La Gestalt-thérapie va porter en regard particulier sur les violences relationnelles. C'est une thérapie relationnelle, dans la mesure où elle s'intéresse à la manière dont une personne est — ou n'est pas — en contact avec elle-même et avec le monde qui l'entoure. Plutôt que de chercher à éradiquer la violence par le contrôle, la Gestalt vise à restaurer la capacité d'être en contact, le soutien à soi et la responsabilité relationnelle. Elle ouvre des voies concrètes pour transformer la violence en conscience, en choix et en capacité de relation vivante.
La violence relationnelle est souvent liée à une fragilisation du soutien à soi, qui se manifeste notamment par :
- une difficulté à percevoir et poser ses limites ;
- une confusion entre besoins et exigences ;
- une peur du conflit ou de la séparation ;
- une dépendance accrue au regard de l'autre.

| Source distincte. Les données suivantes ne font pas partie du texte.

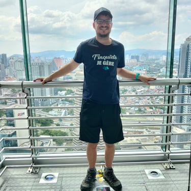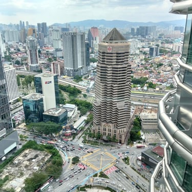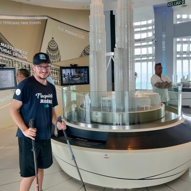 Je me rends compte qu'on peut visiter les Twin towers donc j'y vais, c'est complet mais on me fait une fleur je peux y rentrer et pour moitié prix vu mon handicap. Visite très sympa avec vue dingue sur tous les gratte-ciel de Kuala Lumpur.

Dans ce contexte, on peut en venir à tolérer l'intolérable ou, à l'inverse, à exercer soi-même une forme de violence pour éviter un sentiment d'impuissance. L'emprise relationnelle génère alors des affects complexes, tels que la honte et la culpabilité.
Le travail sur l'ici-et-maintenant
En Gestalt-thérapie, le thérapeute invite à explorer ce qui se déroule dans le présent de la séance : sensations corporelles, émotions émergentes, mouvements de retrait, d'attaque ou de figement qui apparaissent dans la relation. Ce travail permet de rendre visibles les micro-processus de violence intériorisée ou relationnelle.
L'accompagnement thérapeutique soutient une meilleure connaissance de soi et ouvre des espaces d'expérimentation où il devient possible de :
- s'entraîner à dire « non » ;
- ralentir le rythme relationnel lorsque cela est nécessaire ;
- différencier ressenti, émotion et passage à l'acte ;
- tester une parole plus claire et plus ajustée ;
- explorer la colère comme signal de limite, plutôt que comme violence.
L'expérimentation au sein d'une relation thérapeutique sécurisée renforce la capacité à dire stop et soutient l'autonomie. Progressivement, il devient possible de repérer les signes précoces de la violence relationnelle : tensions corporelles, émotions évitées (peur, colère, tristesse), moments où l'on se coupe de soi-même pour préserver la relation.
Ces nouvelles expériences restaurent la capacité à être en contact avec son ressenti, ses émotions et ses besoins, et contribuent à prévenir la répétition de dynamiques violentes.
Plus qu'une lutte contre la violence, la Gestalt-thérapie propose une réhabilitation du lien vivant — un lien dans lequel chacun peut exister pleinement, sans se perdre ni dominer l'autre. Elle permet de transformer des dynamiques violentes en opportunités de croissance, de différenciation et de responsabilité relationnelle.
Références
Coutanceau, R. (2015). Le changement en psychothérapie des victimes de violences. Mémoire Traumatique et Psychanalyse. Delville, J. (2007). Agressivité, violence et relation thérapeutique. Cahiers de Gestalt-thérapie, 21(2), 119-140. Hirigoyen, M.-F. (1998). Le harcèlement moral. La Découverte. Taylor, M. (2018). Psychotraumatisme et gestalt-thérapie : une approche relationnelle. Le Journal des psychologues, 359(7), 30-35.